_Source material_
----
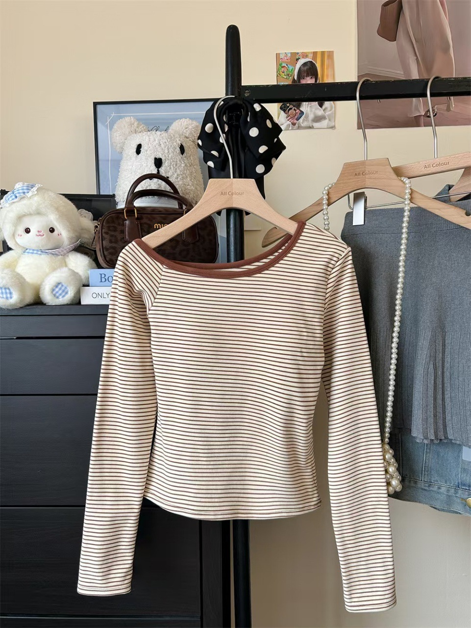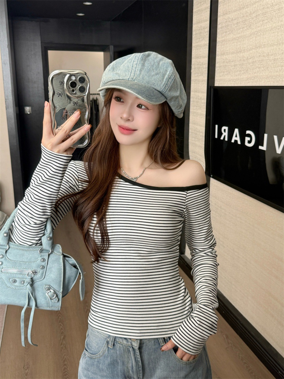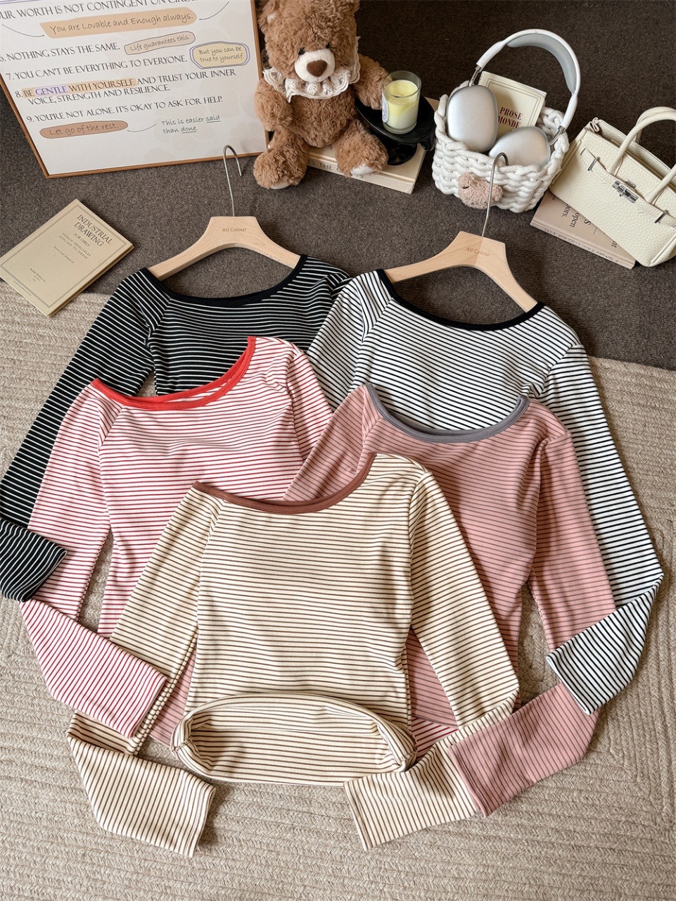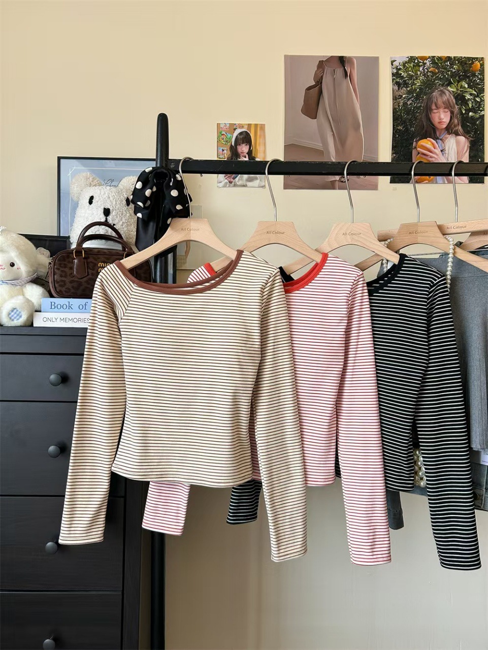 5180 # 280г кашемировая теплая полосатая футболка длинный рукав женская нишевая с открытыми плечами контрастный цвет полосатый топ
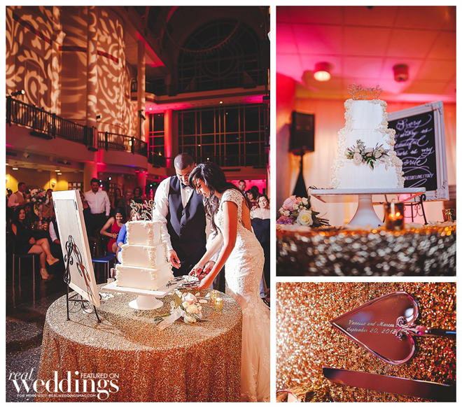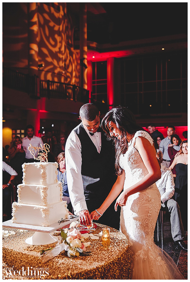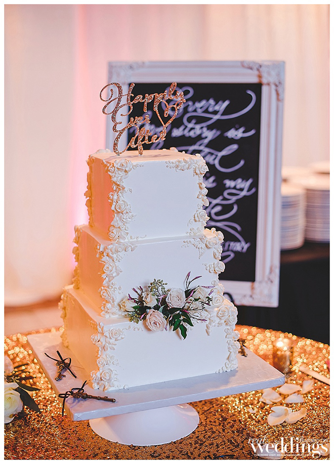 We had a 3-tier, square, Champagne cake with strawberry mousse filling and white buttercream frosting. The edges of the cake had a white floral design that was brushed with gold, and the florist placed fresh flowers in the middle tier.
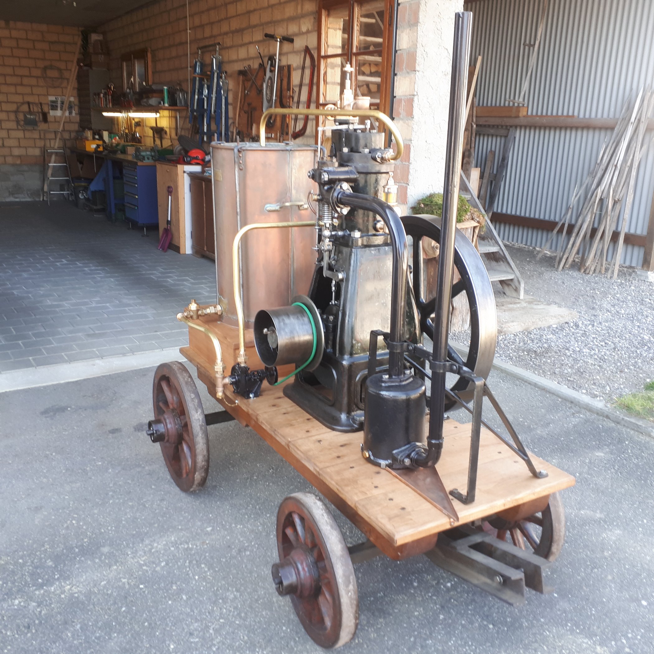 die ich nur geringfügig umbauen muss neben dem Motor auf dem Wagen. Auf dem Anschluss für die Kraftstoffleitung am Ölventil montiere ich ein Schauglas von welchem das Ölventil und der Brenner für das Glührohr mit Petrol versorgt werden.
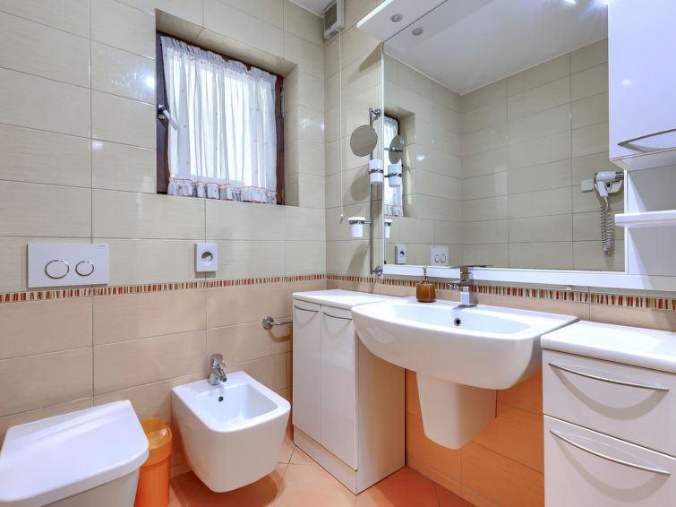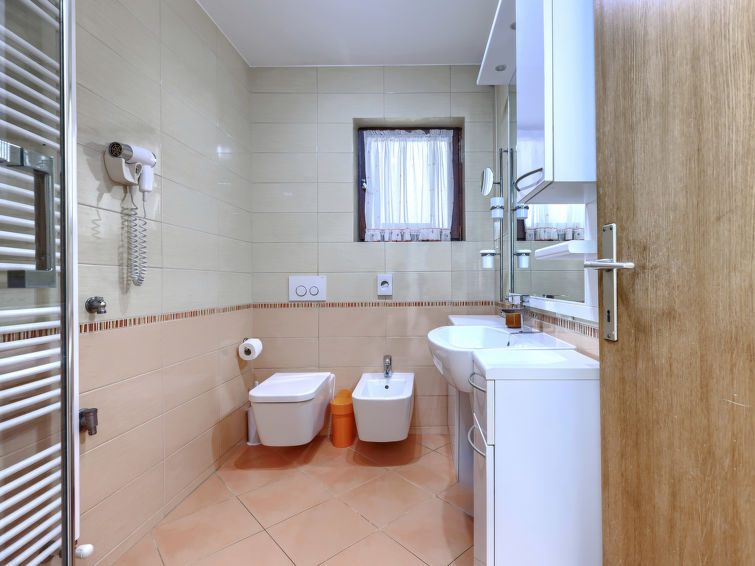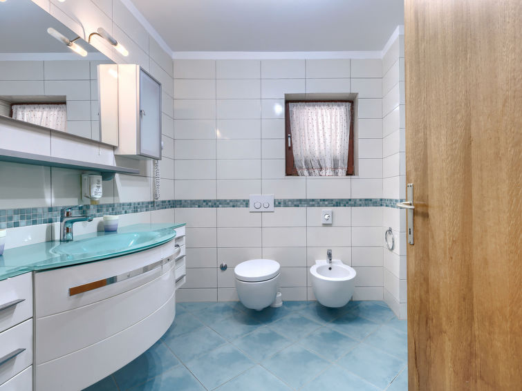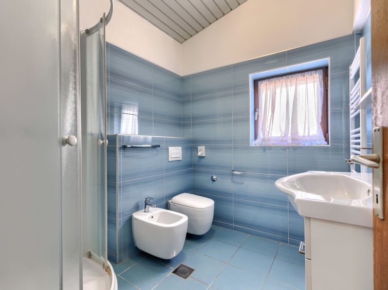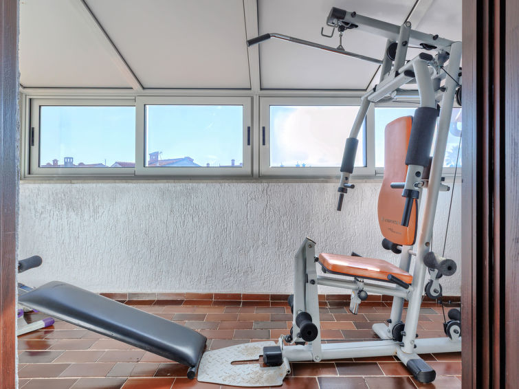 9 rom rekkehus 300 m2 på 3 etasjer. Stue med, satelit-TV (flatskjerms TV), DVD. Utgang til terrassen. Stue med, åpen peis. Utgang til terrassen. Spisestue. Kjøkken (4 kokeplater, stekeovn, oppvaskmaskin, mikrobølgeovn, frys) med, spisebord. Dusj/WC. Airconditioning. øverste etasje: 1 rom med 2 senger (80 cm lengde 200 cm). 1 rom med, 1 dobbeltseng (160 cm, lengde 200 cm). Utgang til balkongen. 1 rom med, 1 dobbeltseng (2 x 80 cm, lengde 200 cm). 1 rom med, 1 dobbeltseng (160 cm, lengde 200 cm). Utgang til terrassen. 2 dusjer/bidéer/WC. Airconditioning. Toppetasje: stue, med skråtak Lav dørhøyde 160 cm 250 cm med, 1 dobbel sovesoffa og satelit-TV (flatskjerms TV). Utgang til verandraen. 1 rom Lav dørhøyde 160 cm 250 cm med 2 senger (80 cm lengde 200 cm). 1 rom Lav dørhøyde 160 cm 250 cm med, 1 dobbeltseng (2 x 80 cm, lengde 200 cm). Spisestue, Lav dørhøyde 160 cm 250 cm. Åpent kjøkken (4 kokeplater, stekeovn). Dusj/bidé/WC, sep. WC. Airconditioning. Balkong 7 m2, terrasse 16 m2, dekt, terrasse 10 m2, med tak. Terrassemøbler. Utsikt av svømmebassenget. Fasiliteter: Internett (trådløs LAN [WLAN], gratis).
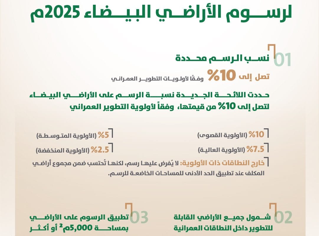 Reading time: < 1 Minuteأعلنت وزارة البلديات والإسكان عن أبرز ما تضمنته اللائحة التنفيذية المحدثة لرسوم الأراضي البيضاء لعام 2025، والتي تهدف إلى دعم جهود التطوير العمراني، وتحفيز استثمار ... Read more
----
Pictures are to be left out while the lines from the beginning of the records through the line with "We had a 3-tier, square, Champagne" are copied word for word.

 5180 # 280г кашемировая теплая полосатая футболка длинный рукав женская нишевая с открытыми плечами контрастный цвет полосатый топ
 We had a 3-tier, square, Champagne cake with strawberry mousse filling and white buttercream frosting. The edges of the cake had a white floral design that was brushed with gold, and the florist placed fresh flowers in the middle tier.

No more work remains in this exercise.